-------- Record set

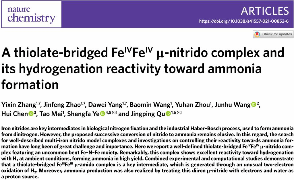 我校精细化工国家重点实验室曲景平教授研究团队与中国科学院大连化学物理研究所叶生发研究员等合作,在仿生化学模拟生物固氮酶研究领域又取得了新进展。相关研究成果以“硫桥联四价四价双铁氮桥配合物及其对氨生成的加氢反应性能”为题,近日发表在《自然•化学》(Nature Chemistry)上。同时,德国布伦瑞克工业大学Marc D. Walter教授,在《自然•化学》新闻与观点栏目中,以“重新审视氨的形成(Ammonia formation revisited)”为题,对该研究工作的意义和结果进行了积极评述。这是曲景平研究团队,继2013年在仿生化学固氮体系的构筑与功能化研究工作的基础上,取得的又一项重要进展,系统性研究成果连续发表在《自然•化学》期刊上(Nature Chemistry 2013, 5, 320;《2014中国科学发展报告》)。
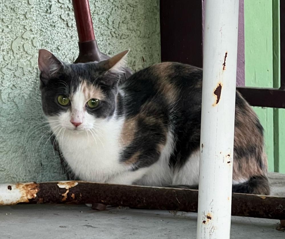 Pet Description:Very sweet, young, smaller cat. She is tan, white, and grey. She is clearly domesticated, uses litterbox and is happy to be inside and be pet. |
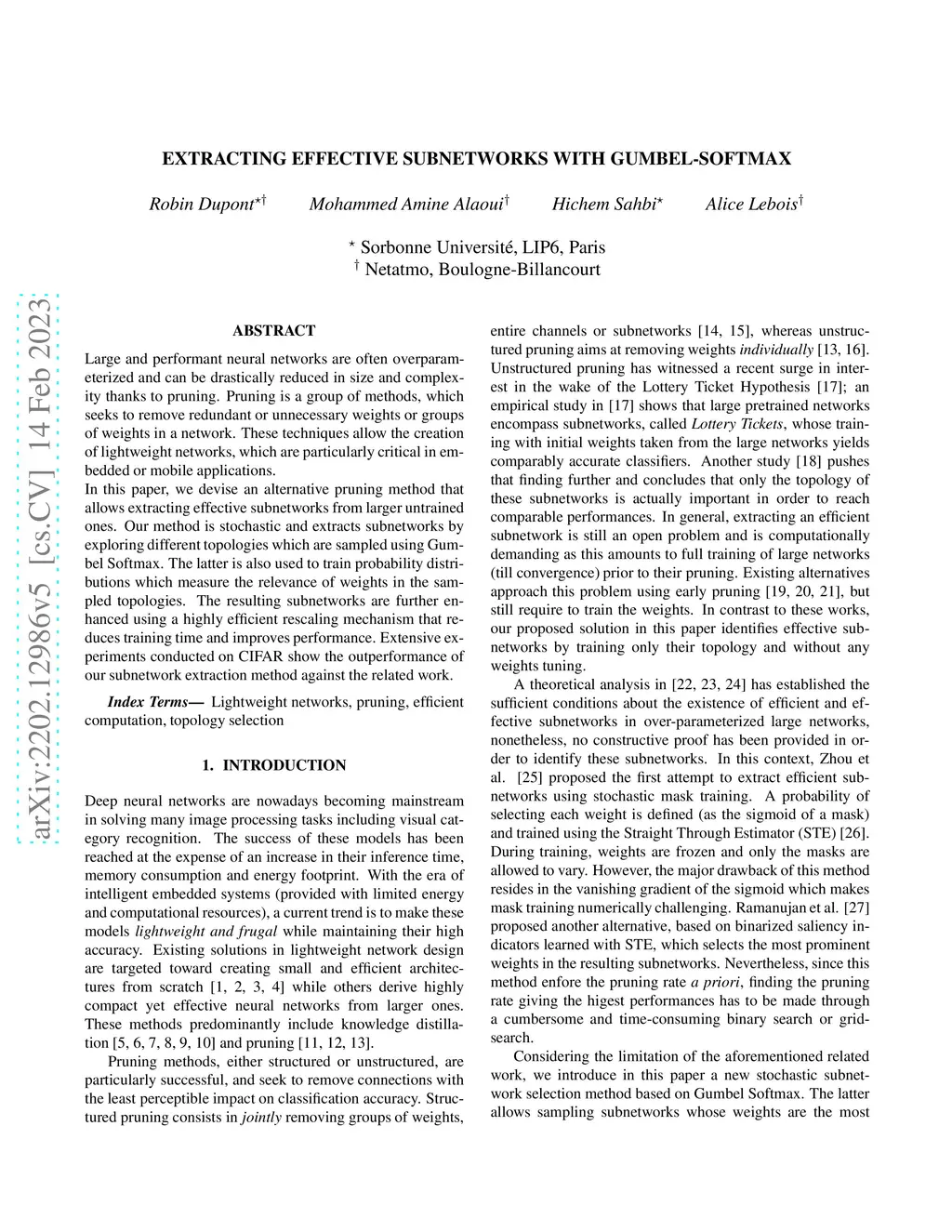 Extracting Effective Subnetworks with Gumbel-Softmax
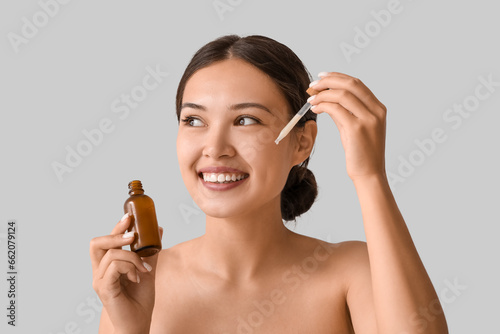 applying, asian, beautiful, closeup, light, serum, woman, adult, background, beauty, body, bottle, care, clean, colours, cosmetic, cosmetology, dermatology, dropper, eco, face, facial, female, girl, grey, happy, health, healthy, hygiene, lady, lifestyle, moisturise, natural, oil, organic, people, person, portrait, pretty, product, skin, smiling, smoothing, soft, therapy, treatment, wellness
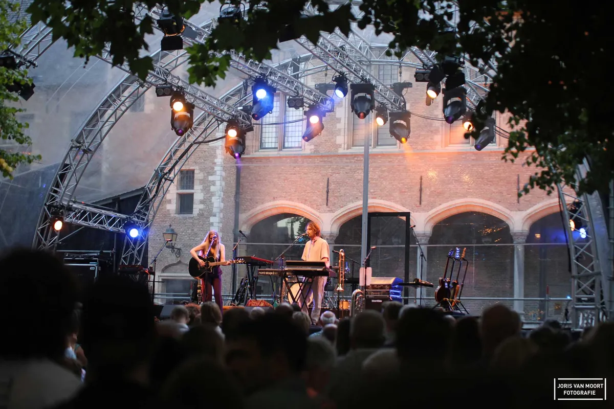 Een zwoele zomeravond, een goed gevuld Abdijplein en de aftrap van de Abdij Zomeravonden met VOS en Spinvis: mooier kun je de week niet beginnen. Presentator Steffen Brinkhaus heet iedereen welkom en moedigt het publiek aan vooral een biertje te halen of een bijdrage te doen via de QR-code. Het plein vult zich gestaag met een mix van nieuwsgierige wandelaars en echte liefhebbers.
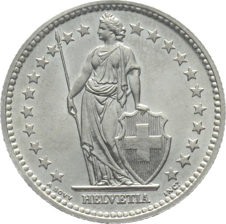 Mobile Preview: 2 Franken 1957 B - fast stempelglanz
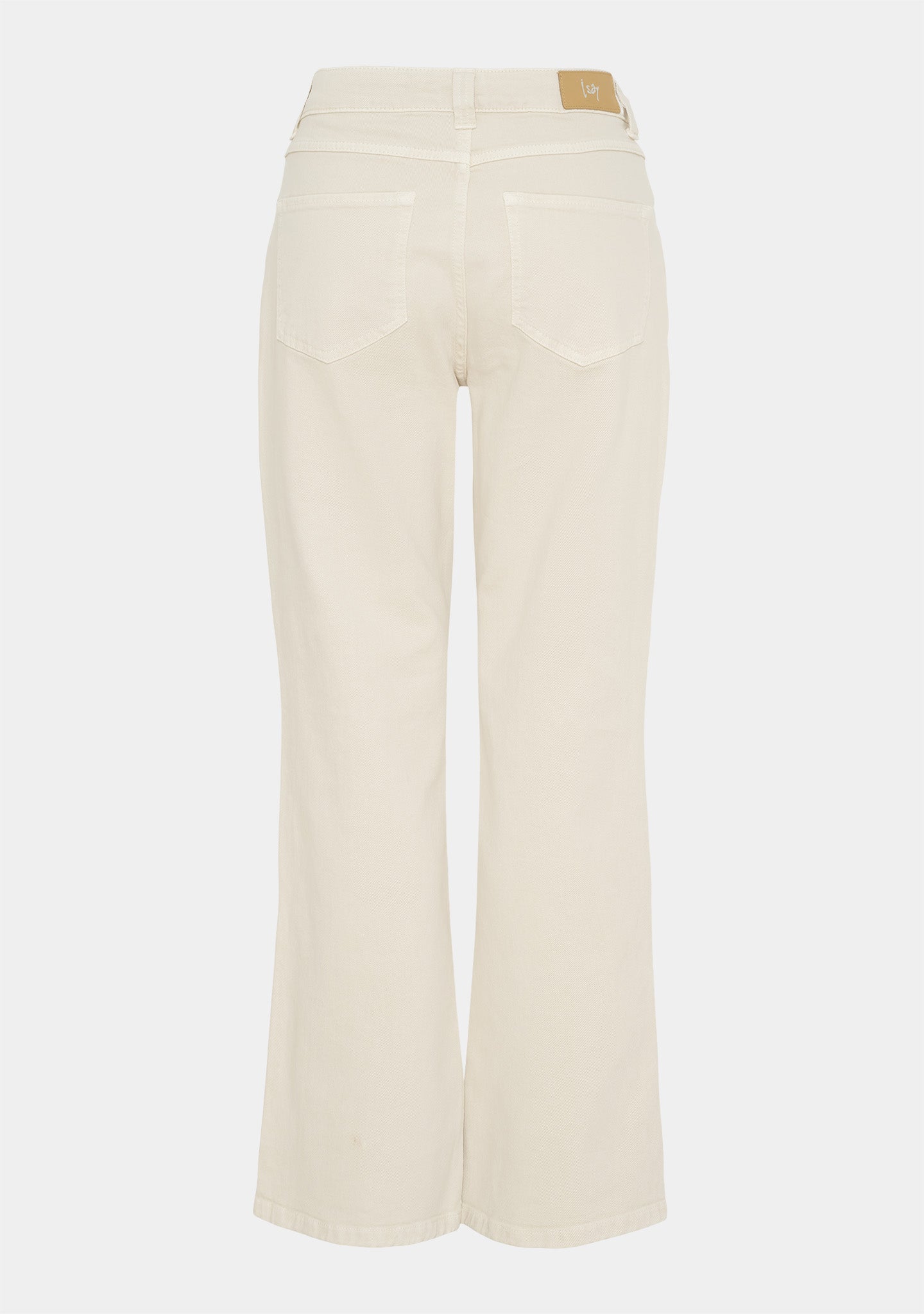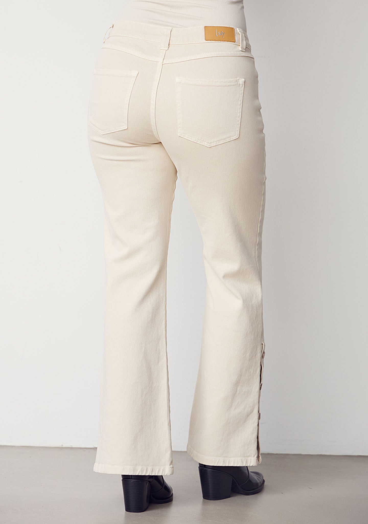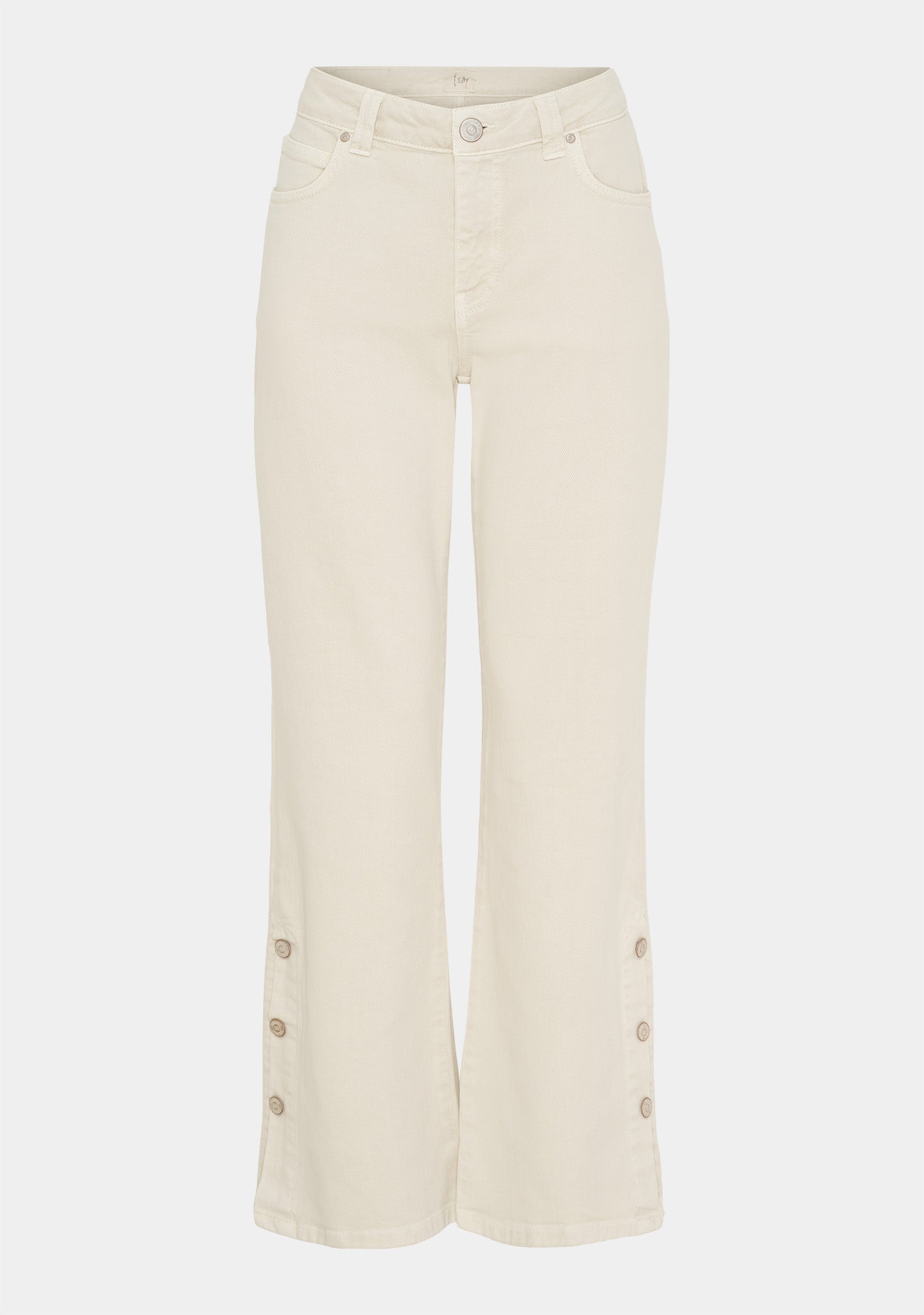 Como Twill Button Pant kombinerar klassiska denimdetaljer med en feminin twist. Den smickrande flare passformen sitter tätt runt höfterna och låren och ökar i bredd från knät neråt. Dekorativa knappar vid ankeln ger en elegant och unik touch. Byxorna är tillverkade i en mjuk bomullsblandning med stretch, vilket garanterar hög komfort och god rörelsefrihet hela dagen. Fast linning med bältesögla, klassisk 5-ficksdesign och dragkedja med knapp avslutar looken.
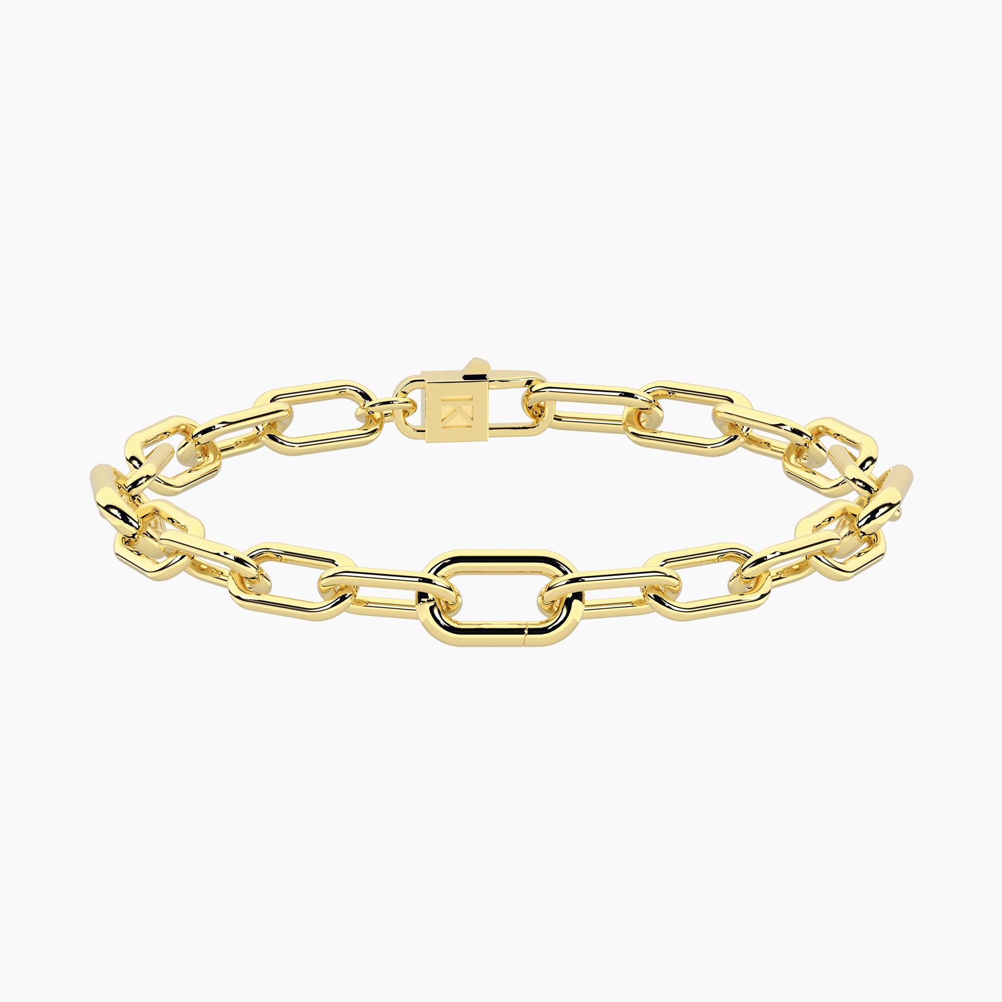 Bracciale donna componibile in acciaio e PVD giallo a maglia larga con catena forzatina e tre link apribili. Inserisci nel link da 1 a 2 charm.
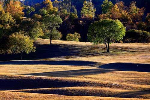 湖山真意景區(qū):是森林公園的景觀核心區(qū)域。優(yōu)美的天然疏林草地景觀氣魄宏大。主要景點有草原水庫——沿穿越草場的河流建壩,形成較大的草原湖泊,成為景區(qū)的核心。野果園——建設在砬沿子溝營林區(qū),總面積2000平方公里。林場區(qū)域內(nèi)特有的天然野果樹山梨、山槐、稠李、山丁子、山剌梅、野山楂等樹種,展示草原豐富多彩的景觀。樺木林——天然次生樺木林,長勢旺盛,是樺木溝林場樺木林景觀的典型體現(xiàn)。

----------------

### About this task
Write out, word for word, the lines from the first line of the entries through the one containing "Extracting Effective Subnetworks", both included. Leave out the pictures.

### Task answer
 我校精细化工国家重点实验室曲景平教授研究团队与中国科学院大连化学物理研究所叶生发研究员等合作,在仿生化学模拟生物固氮酶研究领域又取得了新进展。相关研究成果以“硫桥联四价四价双铁氮桥配合物及其对氨生成的加氢反应性能”为题,近日发表在《自然•化学》(Nature Chemistry)上。同时,德国布伦瑞克工业大学Marc D. Walter教授,在《自然•化学》新闻与观点栏目中,以“重新审视氨的形成(Ammonia formation revisited)”为题,对该研究工作的意义和结果进行了积极评述。这是曲景平研究团队,继2013年在仿生化学固氮体系的构筑与功能化研究工作的基础上,取得的又一项重要进展,系统性研究成果连续发表在《自然•化学》期刊上(Nature Chemistry 2013, 5, 320;《2014中国科学发展报告》)。
 Pet Description:Very sweet, young, smaller cat. She is tan, white, and grey. She is clearly domesticated, uses litterbox and is happy to be inside and be pet. |
 Extracting Effective Subnetworks with Gumbel-Softmax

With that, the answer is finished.